◆ **EXERCISE OBJECTIVE**: Take the line containing "Disfrutá de un" and every line after it to the end of the records, and copy them exactly, excluding pictures.

LISTED ENTRIES: Begin

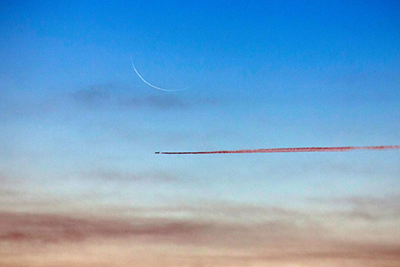 2月5日,云南会泽,飞机掠过小寒清晨的残月。待秋摄
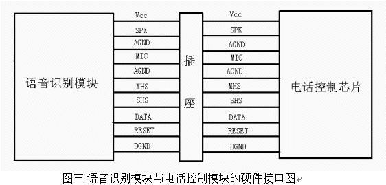 語音識別模塊與電話控制模塊以插卡形式連接,語音識別模塊上是10針的公座,電話控制模塊上是10針的母座。各引腳功能見圖三。
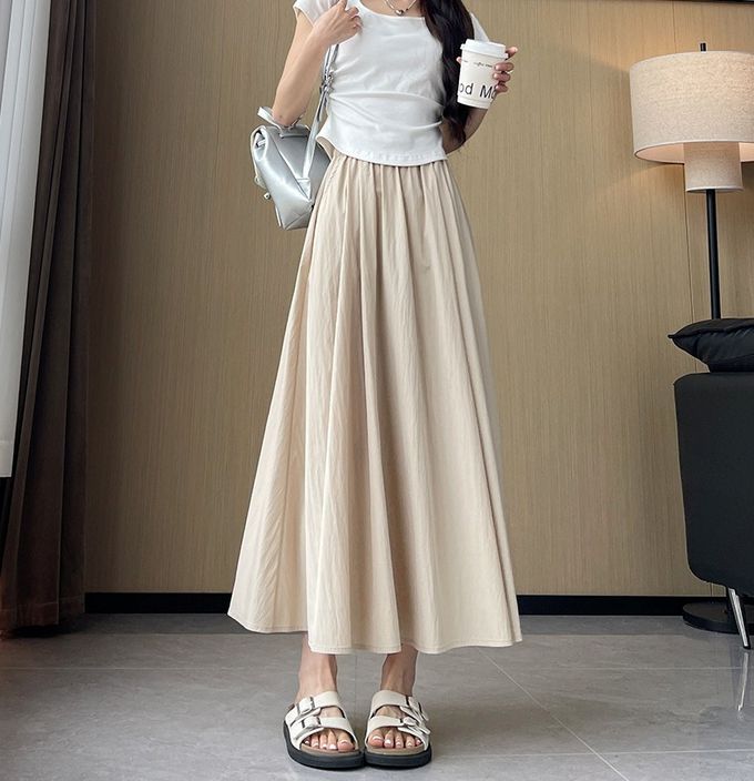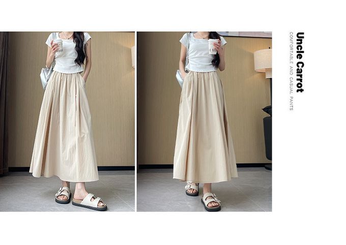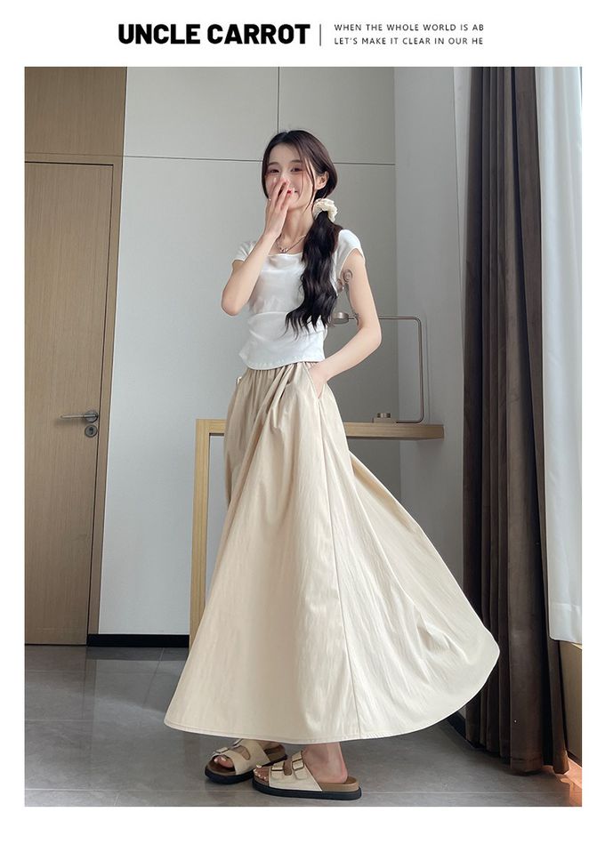 Lusairé - 冰絲涼感瘦瘦裙-有口袋(可選長度)-溫柔杏
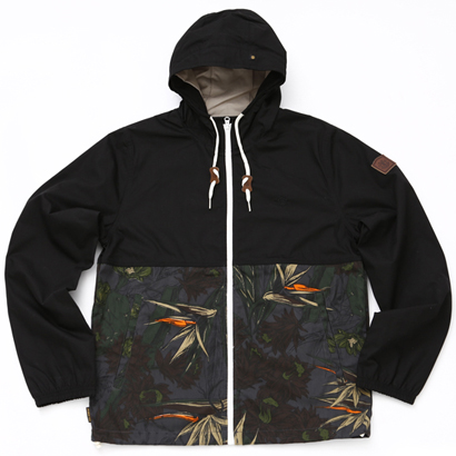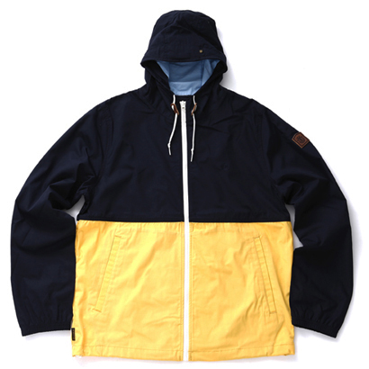 胸から下をイエローやリゾート柄に切り替えることで存在感をプラスしたフードジャケット。各色ともに¥14,040
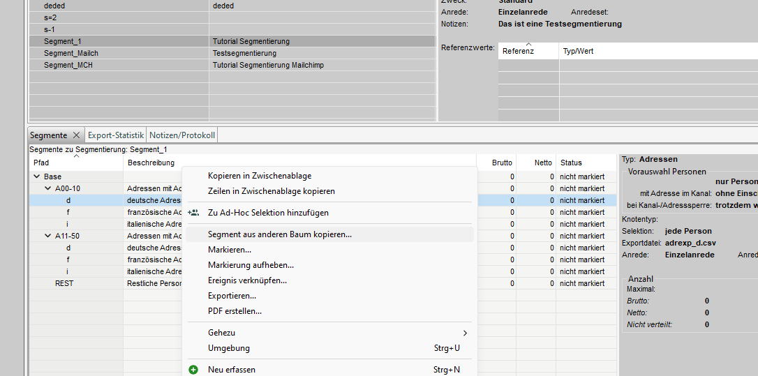 Im Abschnitt "Segment" finden Sie die Segmente für die ausgewählte Segmentierung und auf der rechten Seite finden Sie detaillierte Informationen über das Segment.
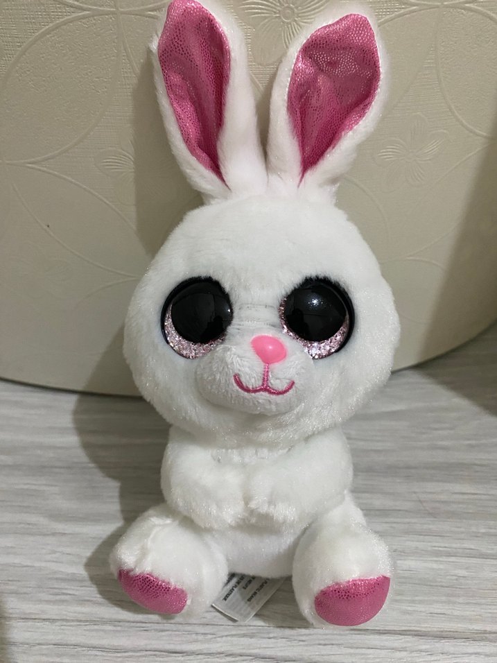 Yumuşak beyaz peluş tavşan, büyük simli gözler ve pembe kulak içi ile buruna sahip sevimli bir oyuncak.
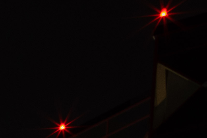 For the infinity sharpness test, we look at three areas of the image, centre, mid-frame, and corner, see highlighted areas in the image below!
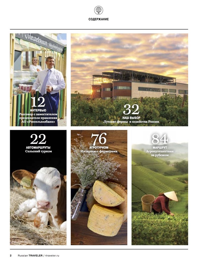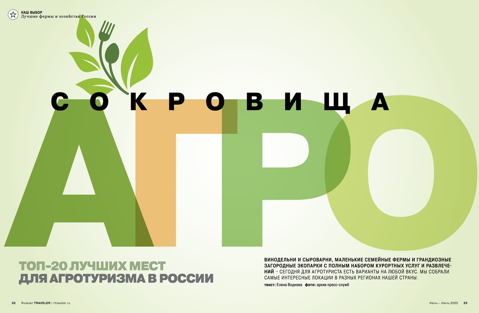 Молочные заводы и сыроварни, биохутора и агрокластеры, винодельни и сидрерии, фермы альпак и страусов, мараловодческие хозяйства и колодные пасеки – в первом тематическом номере Russian Traveler, целиком посвящённом агротуризму, мы выбрали 20 объектов по всей России, где ждут и умеют принимать, угощать и развлекать любопытных путешественников.
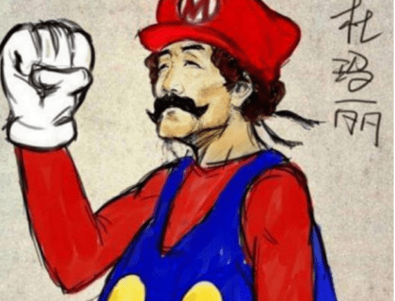 还有下面这个,“超级玛丽”版杜甫,头戴小红帽,身穿蓝色背带裤,嘴上还留着一撮八字胡,光是看这个图片,脑海里就不自觉的开始响起“超级玛丽”里的背景音乐了。
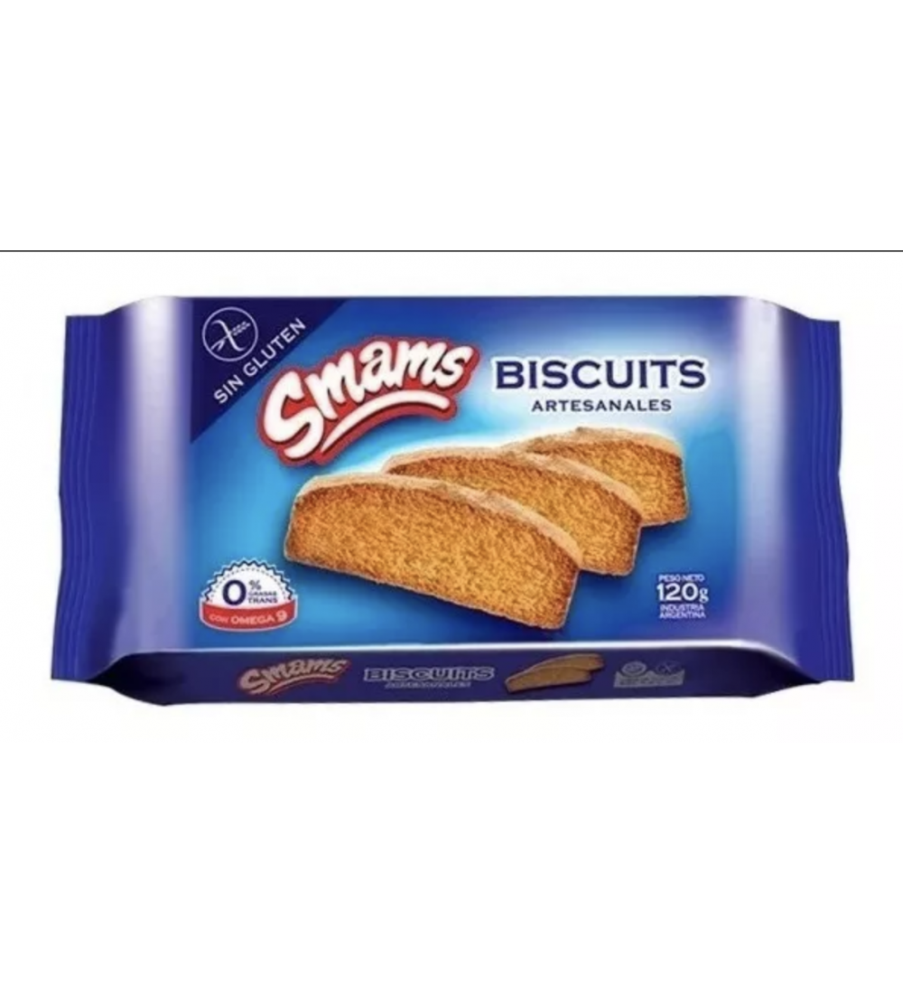 Disfrutá de un snack delicioso y sin gluten con los Biscuits Smams. Ideales para acompañar tu café o té, estos biscuits son perfectos para quienes buscan opciones sin gluten sin sacrificar el sabor. Llevá este paquete de 120 gramos y tené siempre a mano un bocado crujiente y sabroso para disfrutar en cualquier momento del día. Perfectos para llevar al trabajo, a la escuela o simplemente para darte un gusto sin culpas.
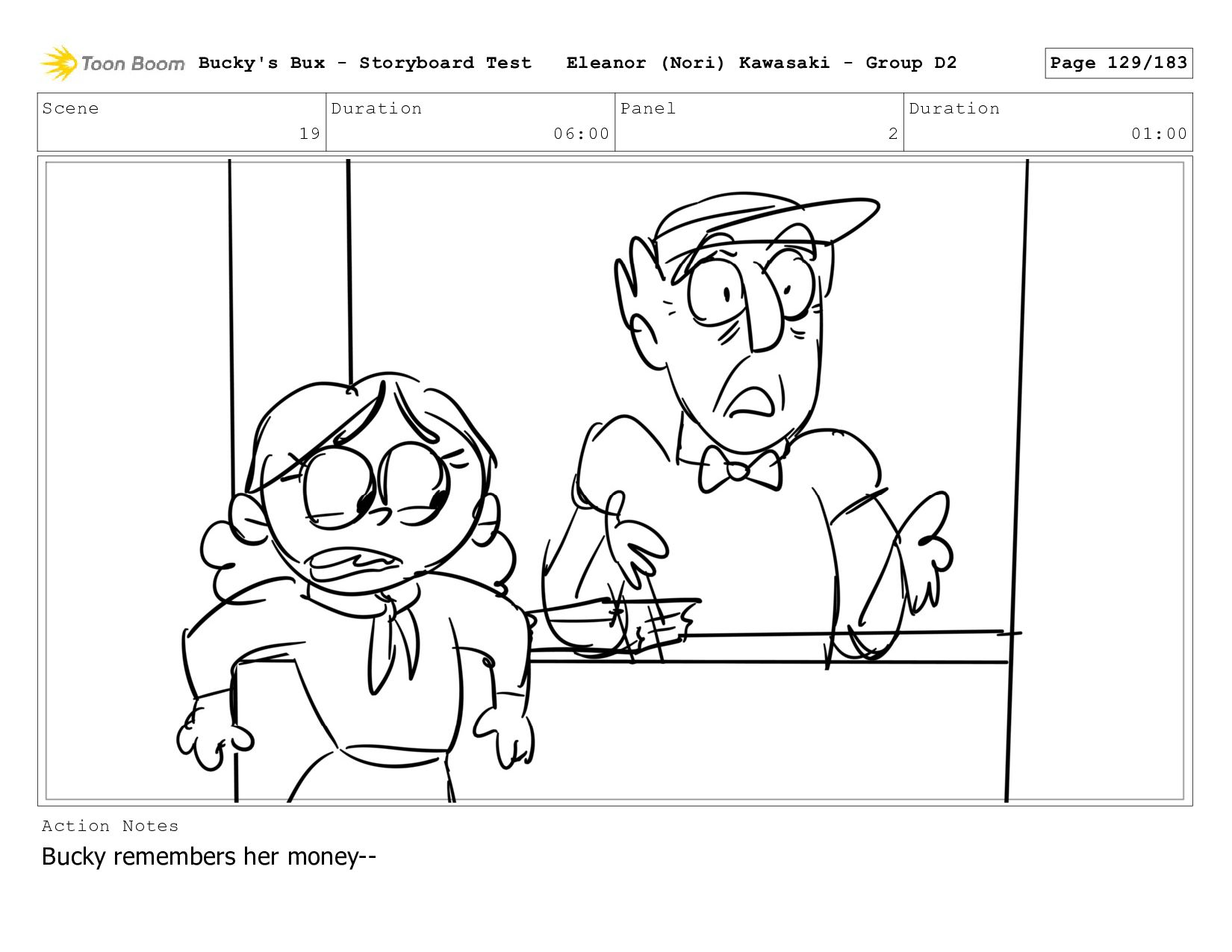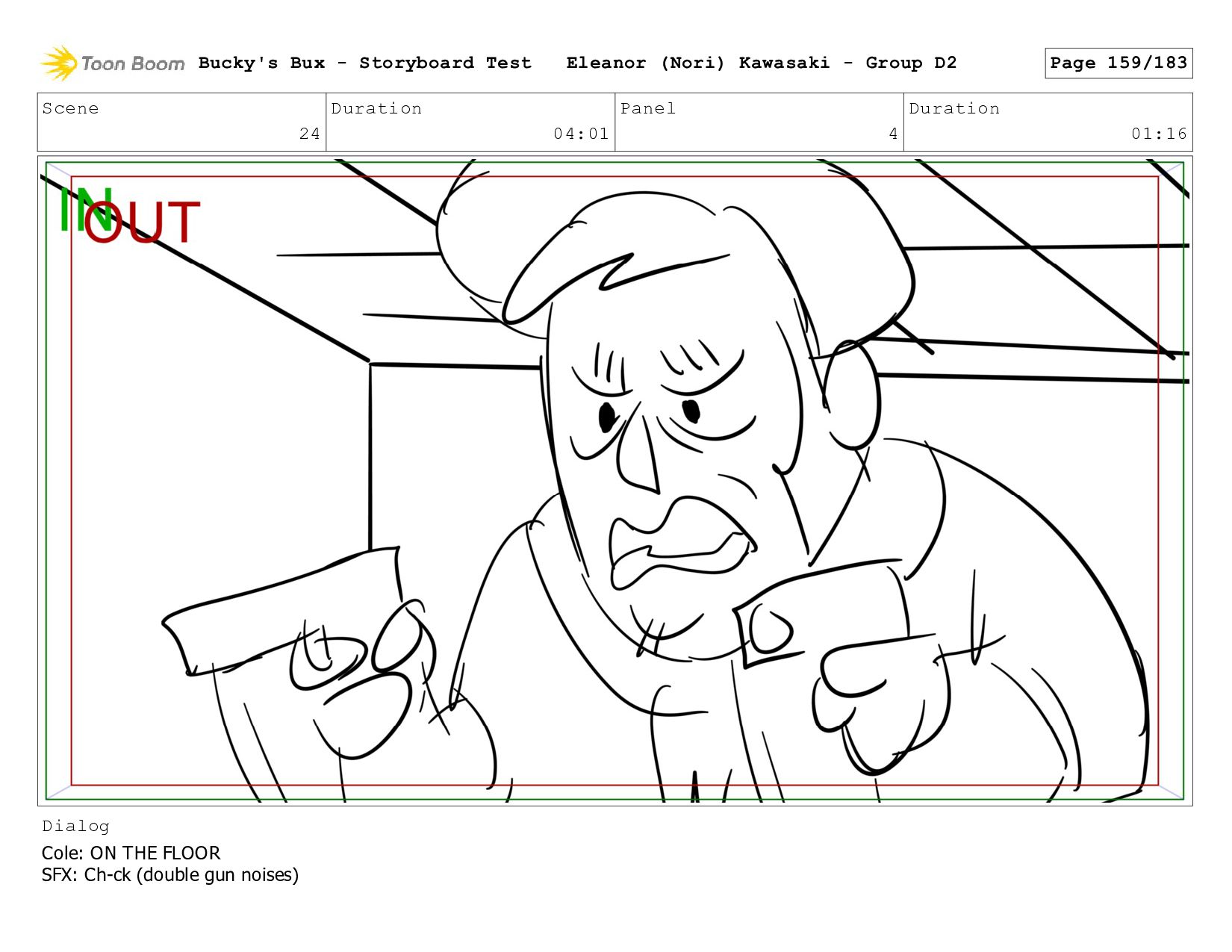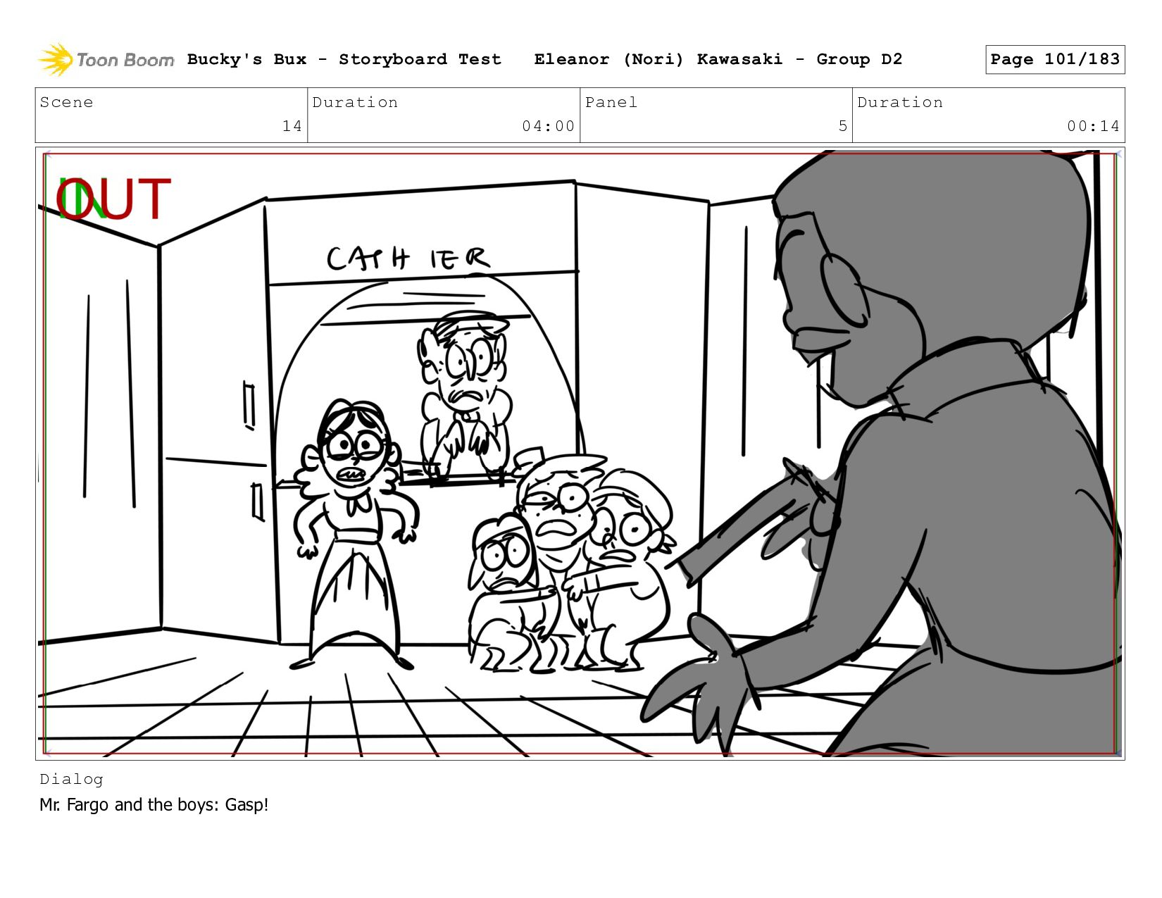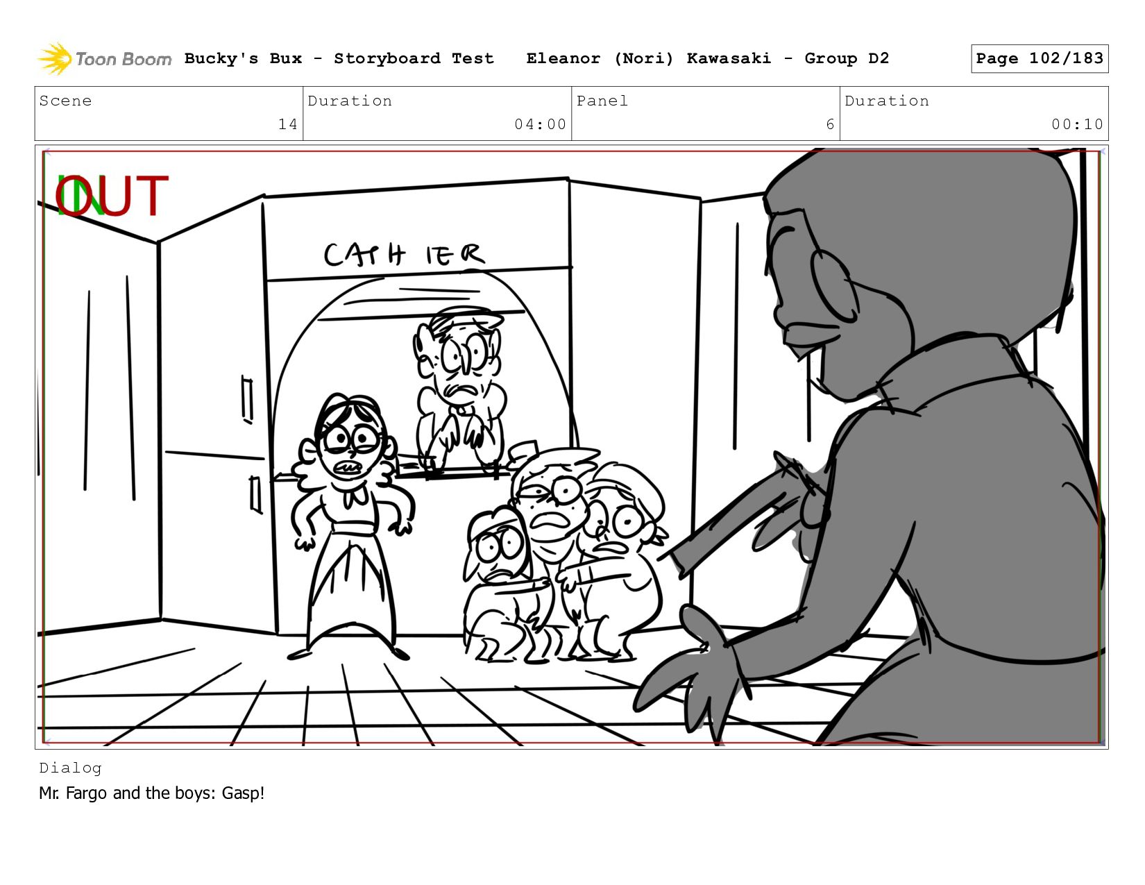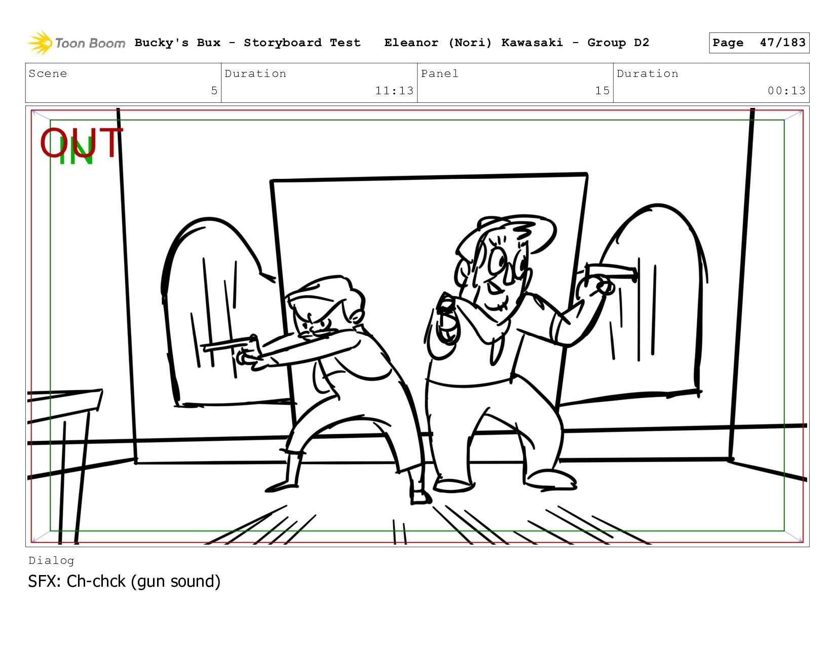 Now with a gun pointed directly at them, Bucky, the boys, and Mr. Fargo flinch in fear. Bucky's Bux - Storyboard Test Eleanor (Nori) Kawasaki - Group D2 Page 127/183

LISTED ENTRIES: End

◆ **RESPONSE TO THE EXERCISE**:
 Disfrutá de un snack delicioso y sin gluten con los Biscuits Smams. Ideales para acompañar tu café o té, estos biscuits son perfectos para quienes buscan opciones sin gluten sin sacrificar el sabor. Llevá este paquete de 120 gramos y tené siempre a mano un bocado crujiente y sabroso para disfrutar en cualquier momento del día. Perfectos para llevar al trabajo, a la escuela o simplemente para darte un gusto sin culpas.
 Now with a gun pointed directly at them, Bucky, the boys, and Mr. Fargo flinch in fear. Bucky's Bux - Storyboard Test Eleanor (Nori) Kawasaki - Group D2 Page 127/183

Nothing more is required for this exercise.